When it is used, the shared effect modifier assumption is likely in many cases to be the most challenging to assess, since it is typically used to identify the model when data are insufficient. However, even in cases in which the shared effect modifier assumption is untestable, ML-NMR still retains other notable benefits over MAIC and STC.^13,28 In particular, unlike MAIC, ML-NMR does not require full overlap between populations for stable estimation and remains unbiased under the usual extrapolation assumptions. Unlike STC, ML-NMR appropriately handles noncollapsible effect measures and does not combine incompatible (marginal and conditional) estimates. Moreover, the assumptions required by ML-NMR are still weaker than those for a standard NMA and indirect comparison, even when they are untestable. In an indirect comparison where the shared effect modifier assumption does not hold, the estimates from ML-NMR will be unbiased and applicable only within the AgD study population, as is the case with MAIC and STC. Small networks with multiple treatment classes and limited IPD are problematic for all current population adjustment methods, as there is likely to be insufficient information to combine the estimates in a coherent manner.
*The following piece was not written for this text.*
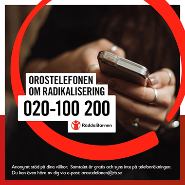Orostelefonen är en nationell stödtelefon som vänder sig till dig som är orolig över att någon i din närhet håller på att radikaliseras. Du kan också ringa om du själv befinner dig i en miljö du vill lämna.

In this analysis, even with a relatively small network (9 studies), we had sufficient data to relax and assess the key assumptions, checking for residual heterogeneity and inconsistency and assessing the shared effect modifier assumption.

When fitting network meta-regression models, as well as assuming consistency of the relative treatment effects, there is a similar assumption of consistency on the effect modifier interactions. Donegan et al.³⁰ describe methods for assessing potential inconsistency in the effect modifier interactions, analogous to the node-splitting approach²¹ for assessing inconsistency in treatment effects (described for ML-NMR models by Phillippo¹⁴). However, this network has only 1 potential loop where inconsistency could be present (via ustekinumab) since all other comparisons are made in multiarm trials, and within this loop, the data are insufficient to relax consistency and estimate unrelated interactions.

For the purposes of decision making when effect modification is present, it is crucial that population-adjusted estimates are produced that are specific to the decision target population, whichever population-adjustment method is used.¹¹ Ideally, the decision target population is represented by a suitable registry or cohort study¹¹; we have produced estimates relevant to the populations represented by registries and a cohort study. Each of these external target populations lay within the range of covariate values in the RCTs; when this is not the case, the validity of extrapolation should be considered. General guidance on when and how to use population-adjustment methods in a health technology assessment context is available.¹¹

When decisions are based on cost-effectiveness, the relevant inputs to the economic model are (for a binary or categorical outcome) typically estimated event probabilities on each treatment in the target population. This requires information on the event probability on one treatment in the target population, in addition to the covariate distribution. If this information is not available, expert opinion or event probabilities from a similar population may be used.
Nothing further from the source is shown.